Surgical resection, thermal ablation, and liver transplant remain the gold standard treatments for primary HCC and may yield favorable clinical outcomes. Unfortunately, no more than 30% of localized HCC patients could be eligible for surgical treatment due to underlying liver dysfunction, or deteriorating performance status or medical comorbidities.4 Local tumor control while preserving liver function can potentially decrease HCC-related mortality and improve OS.5 Minimally invasive techniques can be applied as an alternative treatment option for those who are not surgically eligible. These include transcatheter arterial chemoembolization (TACE), during which chemotherapeutics are infused selectively to the tumor through the feeding blood vessel, yttrium-90 transarterial radioembolization (TARE), wherein the feeding vessel is embolized with radiolabeled beads, and radiofrequency ablation.6

Radiotherapy was evaluated as a potential non-invasive treatment for HCC in different stages. HCC is a radiosensitive tumor occurring in a radiosensitive organ that is often diseased and chronically inflamed. Radiotherapy has historically been underutilized for HCC due to concerns regarding the risk of normal liver toxicity. Nevertheless, pioneering research in the arena of partial liver radiation in the 1980s and 1990s in addition to TARE in the past two decades set the stage for delivering ablative doses to the area of interest while at the same time reducing the dose to the adjacent areas. By using highly conformal techniques including stereotactic ablative body radiotherapy and intensity modulated radiation therapy (IMRT), tumor-directed but uninvolved liver sparing therapy has become easier to administer, resulting in a resurgence of interest in the use of this non-invasive modality to treat HCC. Several trials have proven the efficacy and tolerability of different photon-based techniques of EBRT, particularly in complex cases involving large lesions, vascular invasion, and recurrent disease. In early stage inoperable HCC, radiation therapy has also been used to bridge patients to liver transplant.7 Photon-based radiotherapy for HCC is constrained by the possibility of triggering radiation-induced liver disease (RILD) and bowel toxicity, uncertainties posed by organ motion, and the difficulty of achieving an effective dose within the tumor while maintaining the mean dose to uninvolved liver as low as possible.8 Achieving a low mean liver dose is particularly important in X-ray based therapies given the extensive low dose bath associated with photon therapy. However, this may be less of a concern when utilizing high linear energy transfer (LET) radiation therapy which has no low dose bath and deposits a high dose within the target.9

Although not widespread, accelerated particle therapies such as PBTand CIRT have been investigated in selected centers for the management of HCC since the 1980s, and early reports regarding the efficiency of proton therapy in HCC were published in the 1990s.10 Since then, charged particle therapies have become more widely adopted in the treatment of HCC, as these modalities allow for the delivery of highly localized tumor-targeted radiation to enhance tumor control, while maximally sparing the normal liver via increased dose conformality to the tumor and the absence of an exit dose beyond the tumor along the beam path.11 This review seeks to provide a general overview of CIRT, as well as explore the advantages and pitfalls associated with its use in the management of HCC.

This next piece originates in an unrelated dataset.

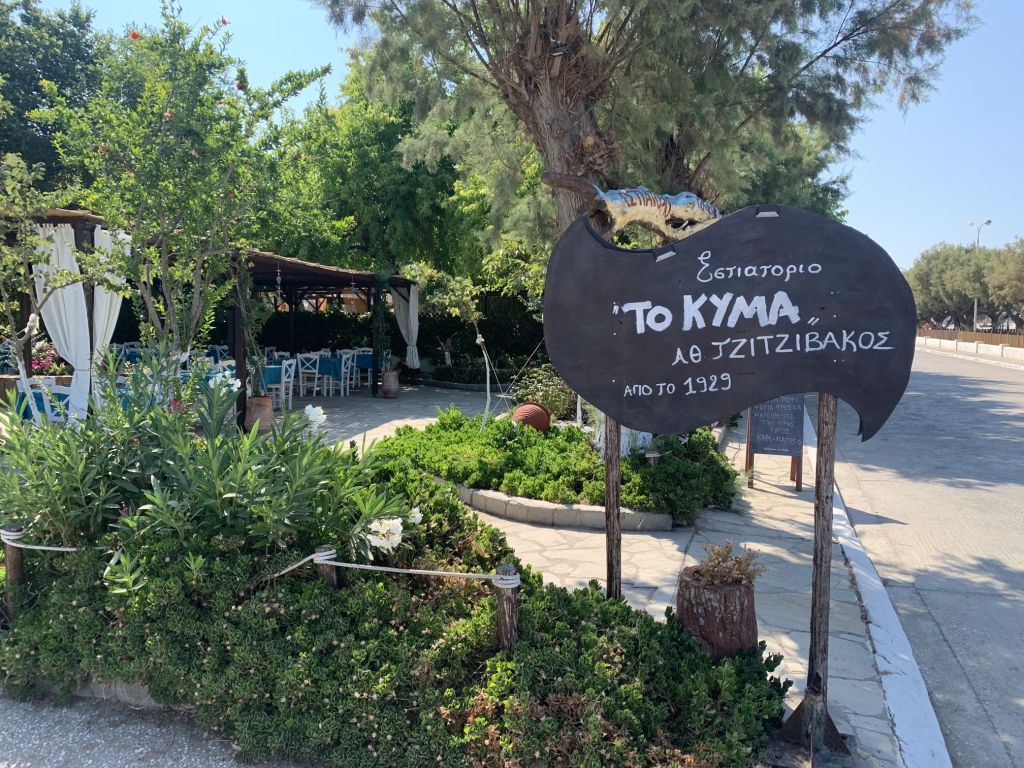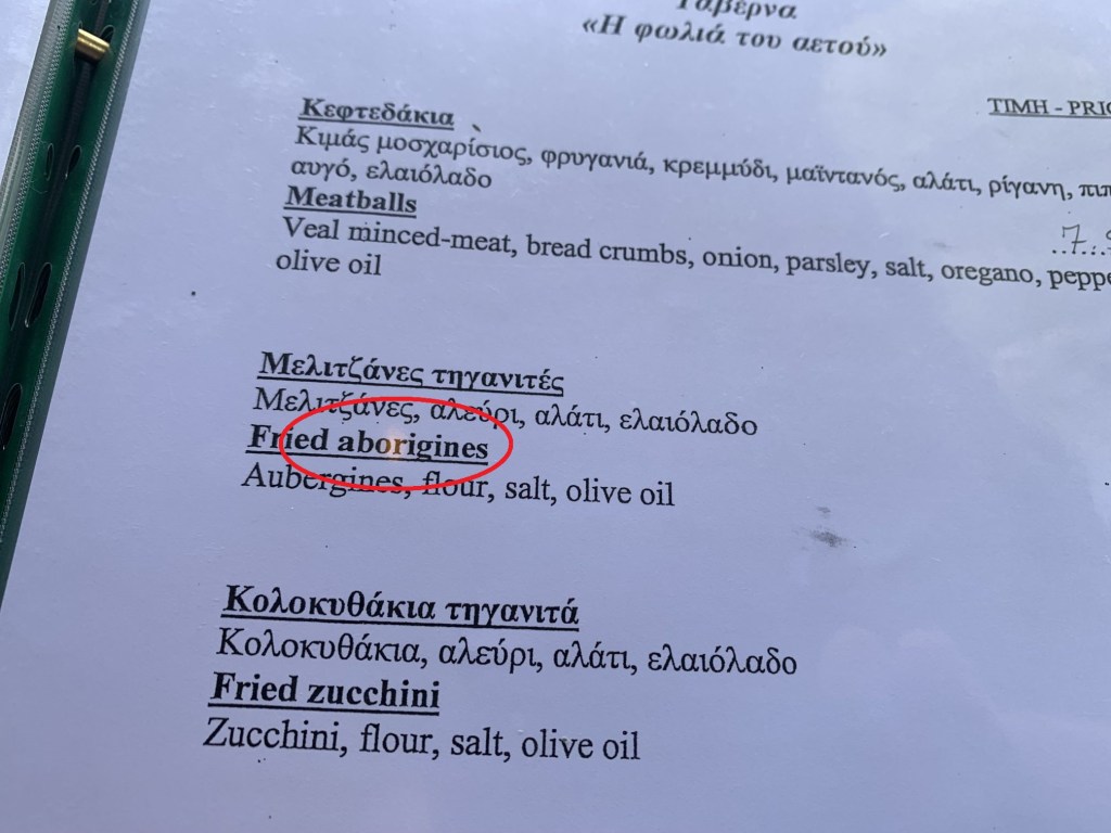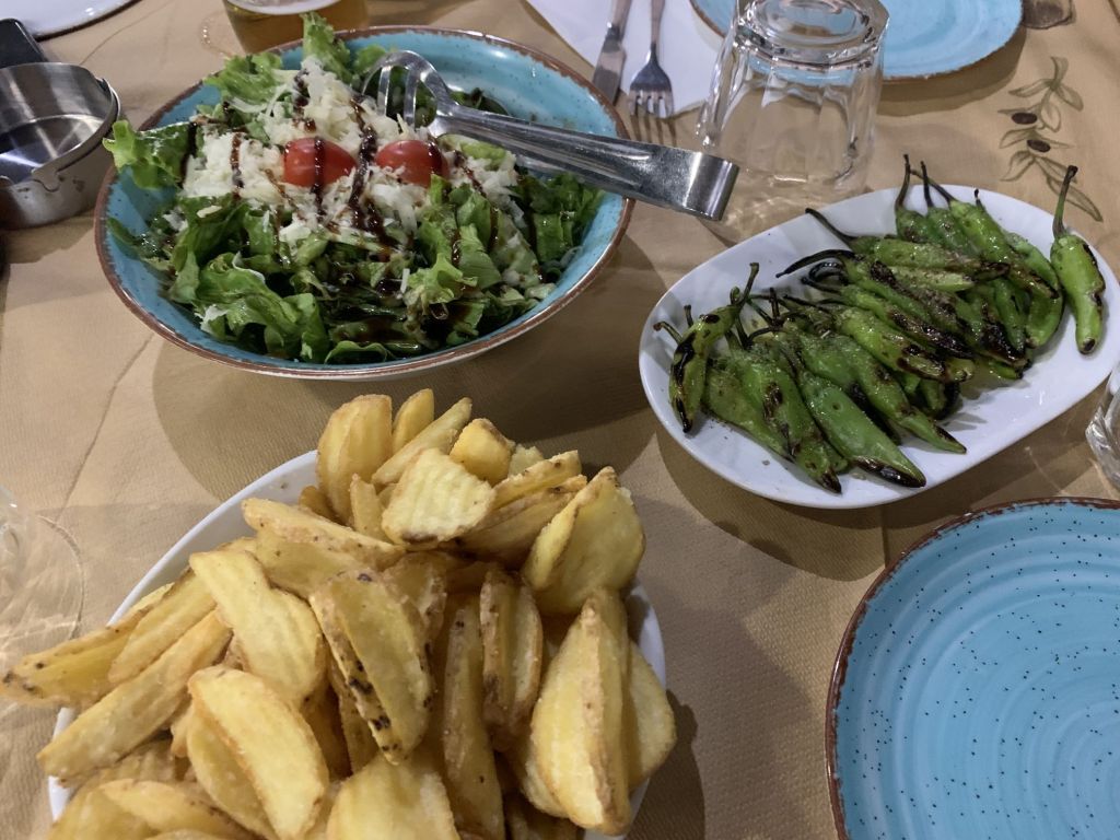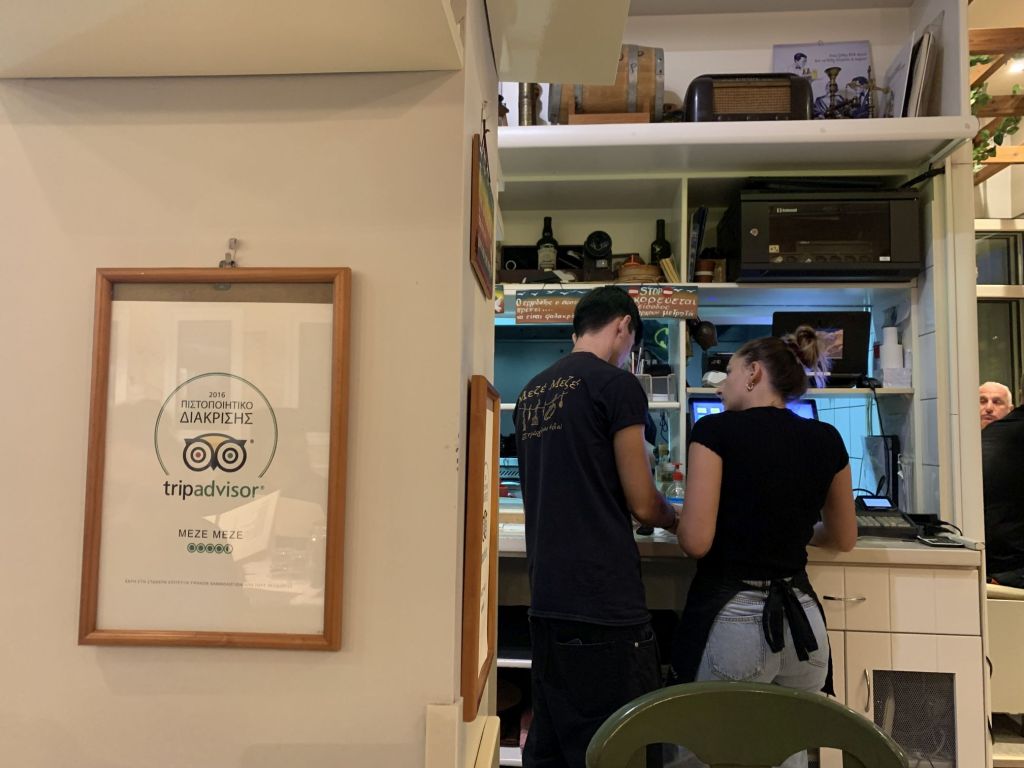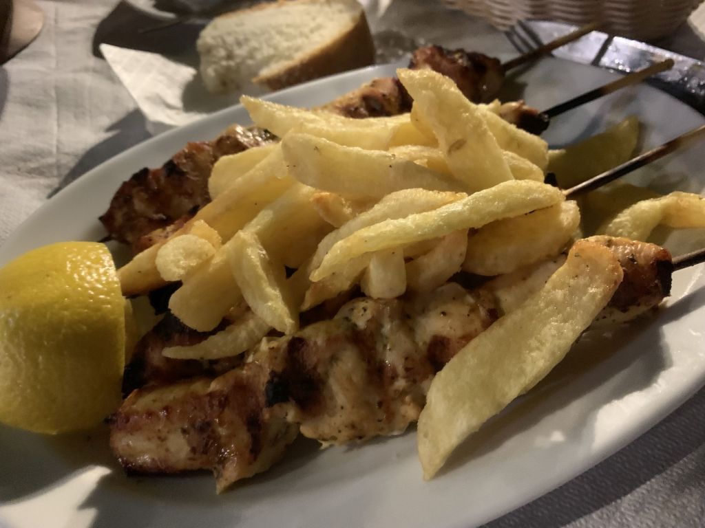 Wir gingen zum Dinner in die empfohlene „typische und urige Taverne in der man noch authentisch griechisch essen kann“ – genau was wir suchen!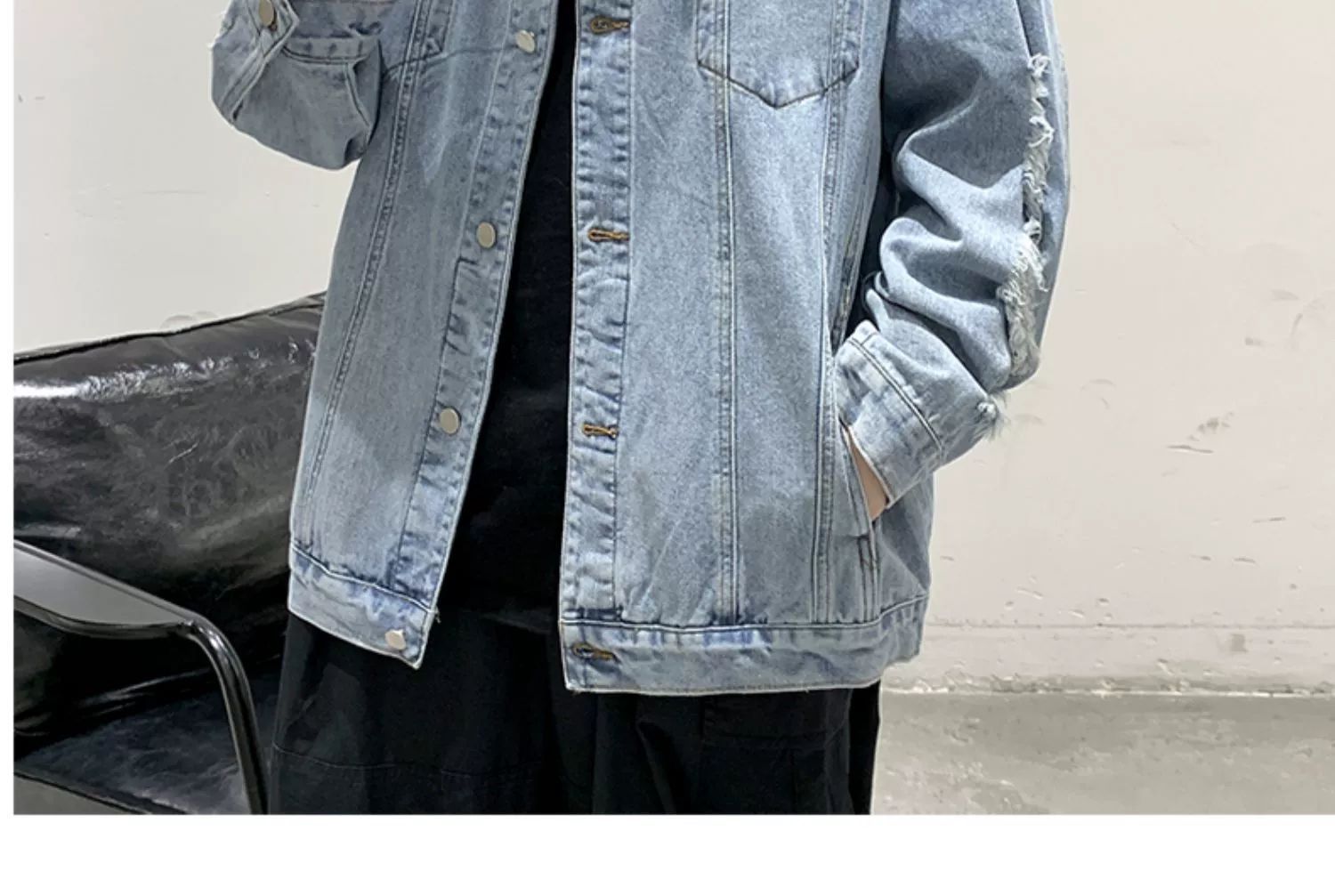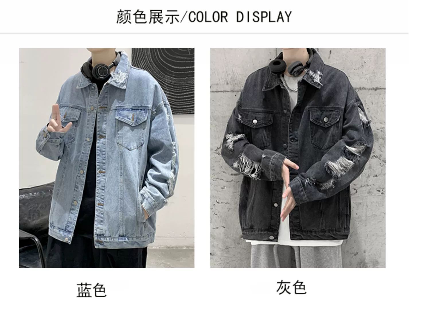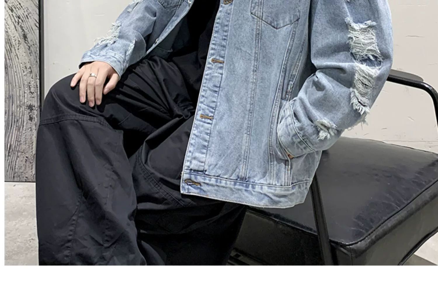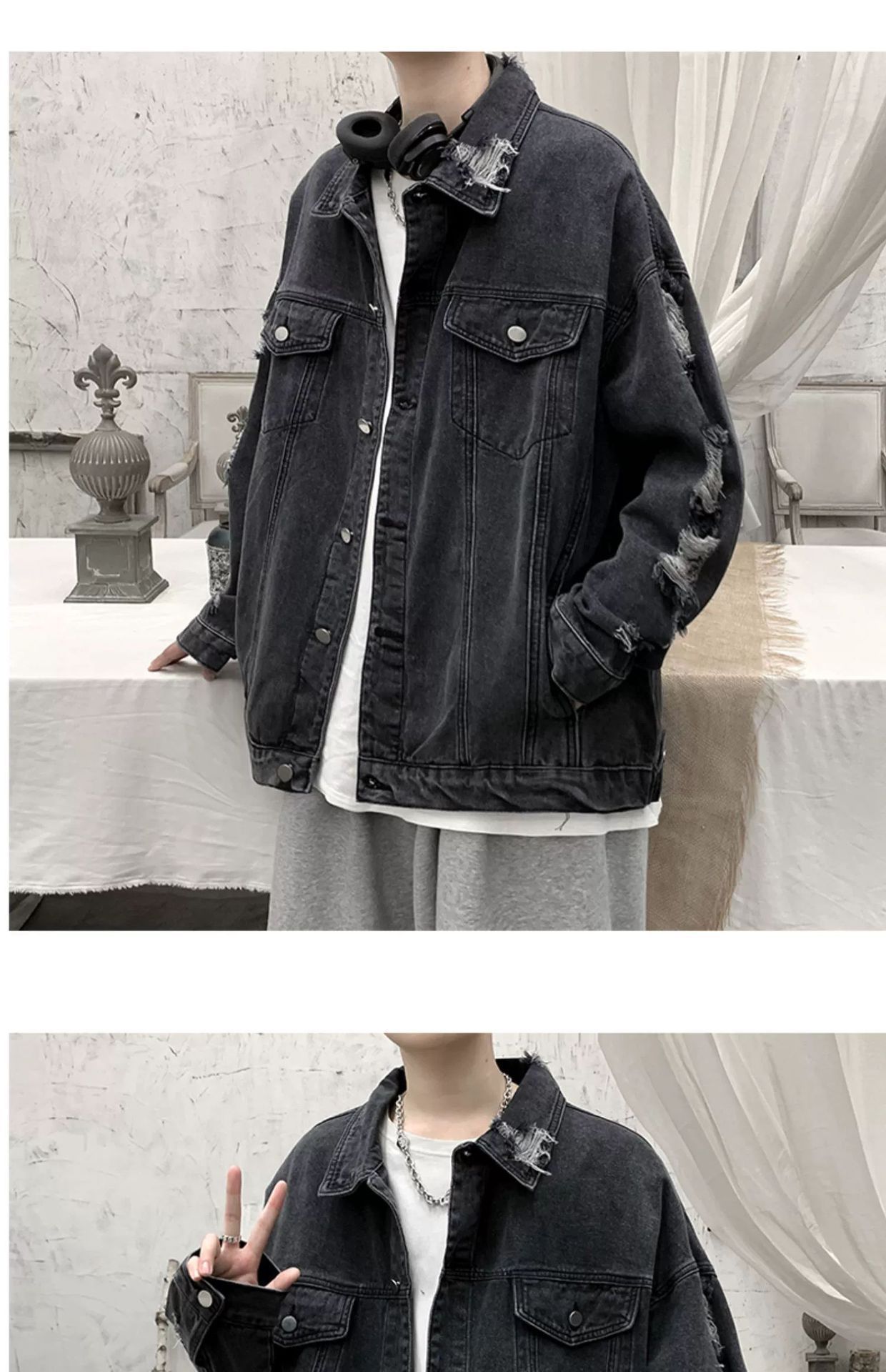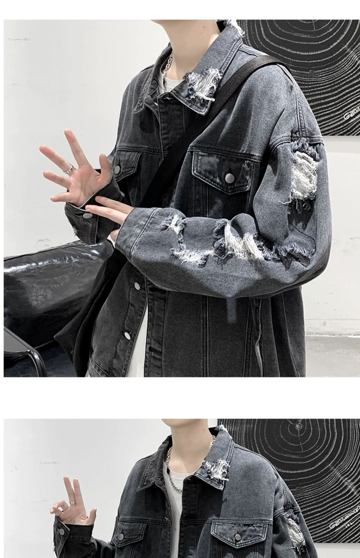 가을 남성용 데님 재킷, 루즈하고 고급스럽고 멋진 유럽과 미국의 하이 스트리트 힙합 하이 스트리트 봄, 가을 찢어진 재킷스토어 가기

The Relevance of Physical Properties of CIRT in the Treatment of HCC

The elastic and inelastic collisions of charged particles with the atomic nuclei and electrons of tissues allow for the release of its energy in the tissues while heavy ions transverse through tissues and eventually grind to a halt. At the very end of its range, they deposit most of their energy over a short distance, creating the characteristic Bragg peak. In addition to the interaction with electrons, the Coulomb field of charged particles is also repulsed by the electric field of the nucleus of atoms within tissues, causing deflections in its path. Multiple Coulomb scattering events result in lateral beam scattering, explaining the penumbra of a charged particle beam. This penumbra is smaller for heavier particles. Another interaction is the inelastic collision with atomic nuclei wherein the heavy ion is fragmented into multiple lighter ions that travel in the same general direction as the incident ion to create the characteristic fragmentation tail that persists beyond the Bragg peak12 (Figure 1).

Figure 1 Percentage depth dose curves for carbon, proton, and photon beams.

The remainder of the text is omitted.